This is reported by Bhaskar Pardeshi from VMware.
Details
- Reviewers
rscheff tuexen - Group Reviewers
transport - Commits
- rGf5abdb03119a: tcp: fix a bug where unshifting should be put last in tcp_get_srtt()
Verified with siftr
analysis for example:
old minimal srtt_usecs = (1 >> TCP_RTT_SHIFT) * tick = (1 >> 5) * 1000 = 0
new minimal srtt_usecs = (1 * tick) >> TCP_RTT_SHIFT = (1 * (1000)) >> 5 = 31
Diff Detail
- Repository
- rG FreeBSD src repository
- Lint
Lint Not Applicable - Unit
Tests Not Applicable
Event Timeline
sys/netinet/tcp_subr.c | ||
---|---|---|
4665 | I think you should add a comment that you use srtt = TICKS_2_USEC(tp->t_srtt) >> TCP_RTT_SHIFT instead of srtt = TICKS_2_USEC(tp->t_srtt >> TCP_RTT_SHIFT) to increase the precision. While doing this, you might want to replace the double space after = by a single one. |
For what its worth...
While this does indeed fix a bug where we lose precision, it also reduces the maximum SRTT value which can be stored in ticks without risking an overflow during the TICKS_2_USEC conversion.

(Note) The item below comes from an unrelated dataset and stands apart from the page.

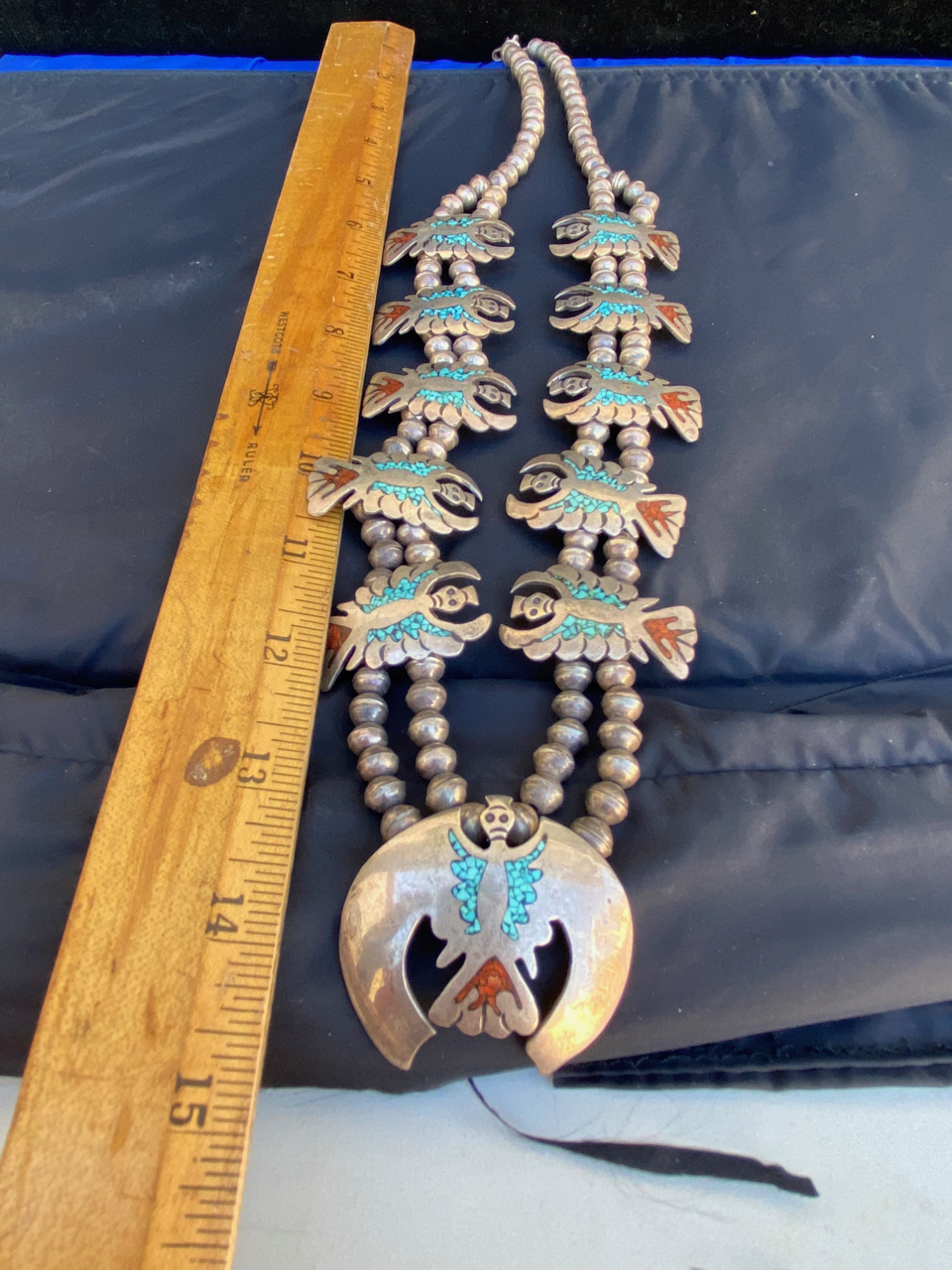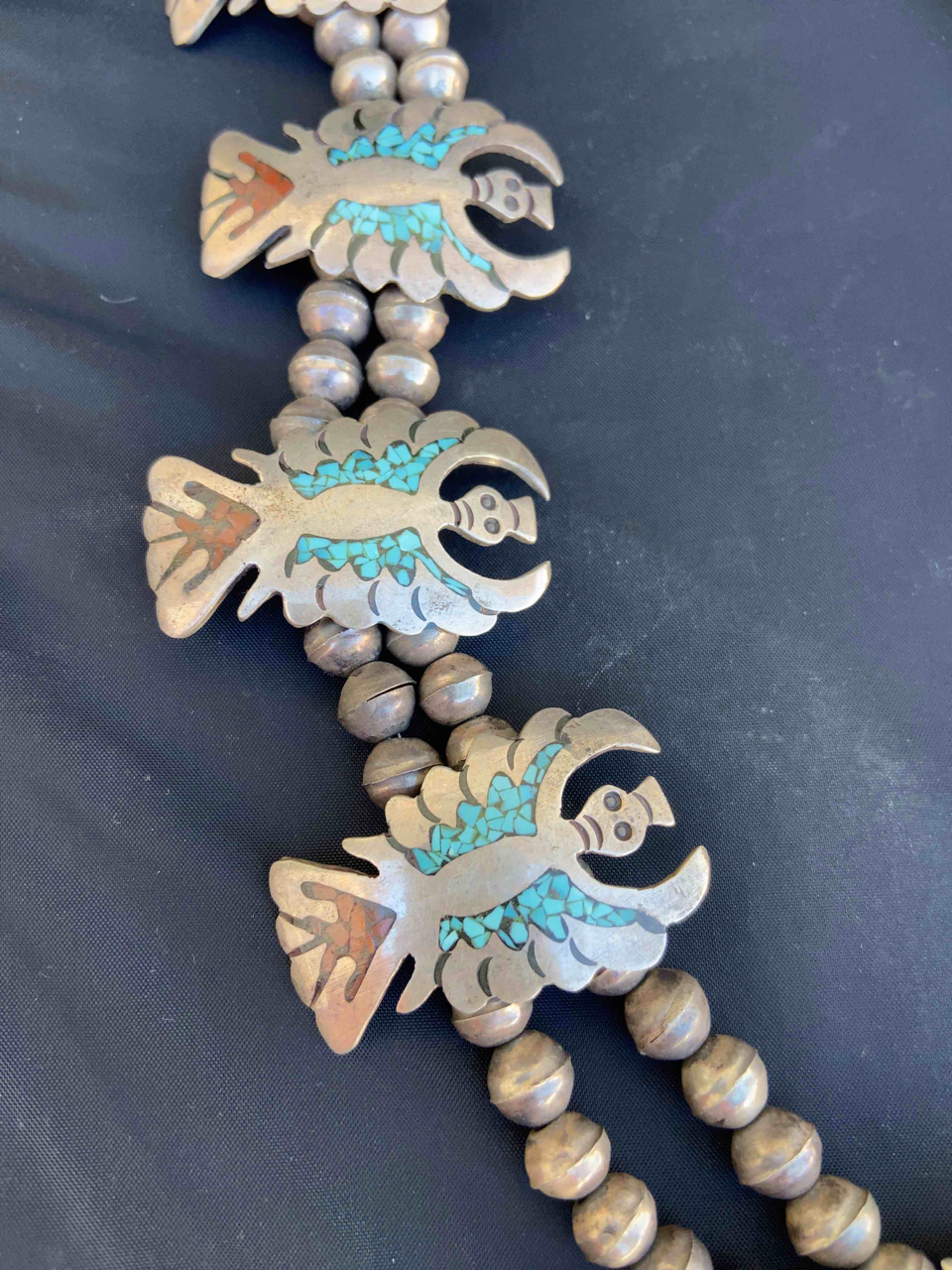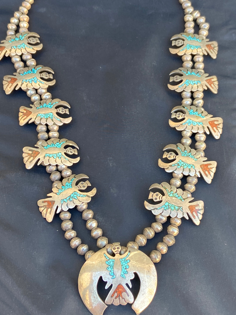 This item is a squash blossom necklace , it appears to be silver with chip inlay with turquoise and coral. Looks to about 15" long. The clasp end is closed off by metal/silver? not string. There are no Hallmarks or markings that I could see. This item has been sitting in an estate for about 30 or 40 years? My father in law is from Arizona, just south of Flagstaff. As an aside, He was aquainted with the fellow who is credited with taking the idea for navajo code talkers to the military during WWII, interesting story. Anyway, i’ve included some photos. Hopefully they’ll be clear.

Previously, the value only overflowed when (srtt >> 5) exceeded (UINT32_MAX / hz). Now, the value will overflow if the unshifted srtt exceeds (UINT32_MAX / hz).
Where hz == 1000, this means we will now overflow if srtt > 4,294,967, which translates to roughly 134.217 seconds. Previously, with hz == 1000, we would overflow if srtt > 137,438,975, which translates to roughly 4,294.967 seconds.
It seems unlikely we would see an srtt of over two minutes; however, it is more likely we would see that than an srtt of over 1 hour. Also, using hz values over 1000 (does anyone do this?) will cause the code to be more susceptible to an overflow.
I'm not suggesting a change at this point. Rather, I'm making an observation in case something strange pops up in the future or someone knows of a use case where this will be a problem.
(If necessary, the fix would be to calculate the srtt using a uint64_t and truncate it to uint32_t when returning it.)